#### ASSIGNED TASK:
The pictures get dropped, while every remaining part of the listing is copied exactly.

#### DATASET SECTION:
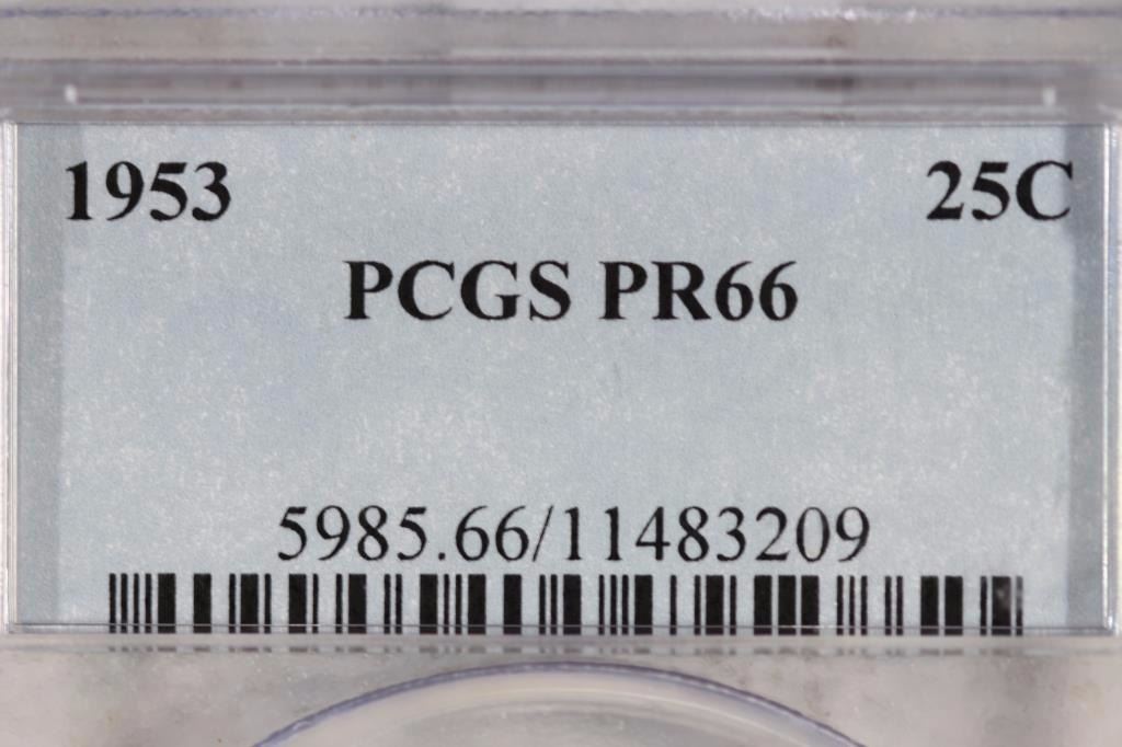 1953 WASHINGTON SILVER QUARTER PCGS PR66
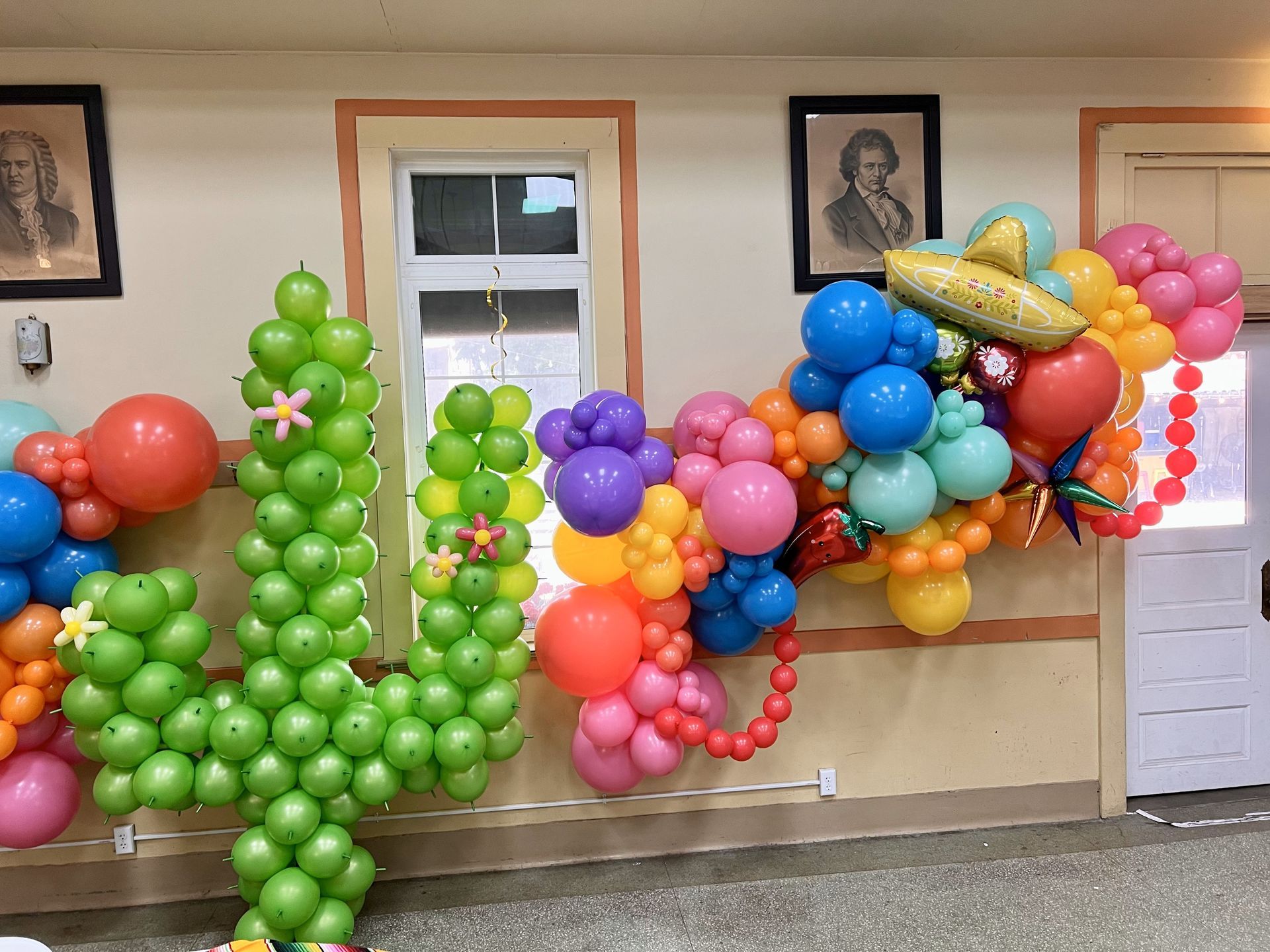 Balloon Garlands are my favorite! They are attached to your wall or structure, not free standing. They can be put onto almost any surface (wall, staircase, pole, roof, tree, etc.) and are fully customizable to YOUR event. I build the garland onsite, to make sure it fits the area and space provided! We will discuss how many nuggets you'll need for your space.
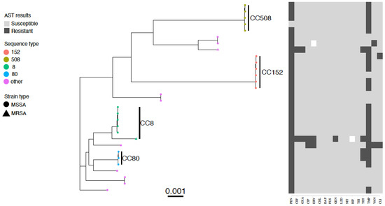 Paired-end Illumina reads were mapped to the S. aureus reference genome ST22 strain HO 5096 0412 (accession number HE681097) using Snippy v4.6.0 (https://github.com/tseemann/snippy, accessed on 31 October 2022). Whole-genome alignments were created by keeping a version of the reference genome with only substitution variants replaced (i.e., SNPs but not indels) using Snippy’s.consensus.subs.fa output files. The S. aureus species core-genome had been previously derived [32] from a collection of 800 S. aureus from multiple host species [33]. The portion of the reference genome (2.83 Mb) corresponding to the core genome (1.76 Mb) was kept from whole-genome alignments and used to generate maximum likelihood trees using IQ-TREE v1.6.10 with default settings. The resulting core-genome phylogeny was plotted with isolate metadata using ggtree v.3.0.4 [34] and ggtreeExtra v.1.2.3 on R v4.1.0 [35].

#### RESULT OF THIS TASK:
 1953 WASHINGTON SILVER QUARTER PCGS PR66
 Balloon Garlands are my favorite! They are attached to your wall or structure, not free standing. They can be put onto almost any surface (wall, staircase, pole, roof, tree, etc.) and are fully customizable to YOUR event. I build the garland onsite, to make sure it fits the area and space provided! We will discuss how many nuggets you'll need for your space.
 Paired-end Illumina reads were mapped to the S. aureus reference genome ST22 strain HO 5096 0412 (accession number HE681097) using Snippy v4.6.0 (https://github.com/tseemann/snippy, accessed on 31 October 2022). Whole-genome alignments were created by keeping a version of the reference genome with only substitution variants replaced (i.e., SNPs but not indels) using Snippy’s.consensus.subs.fa output files. The S. aureus species core-genome had been previously derived [32] from a collection of 800 S. aureus from multiple host species [33]. The portion of the reference genome (2.83 Mb) corresponding to the core genome (1.76 Mb) was kept from whole-genome alignments and used to generate maximum likelihood trees using IQ-TREE v1.6.10 with default settings. The resulting core-genome phylogeny was plotted with isolate metadata using ggtree v.3.0.4 [34] and ggtreeExtra v.1.2.3 on R v4.1.0 [35].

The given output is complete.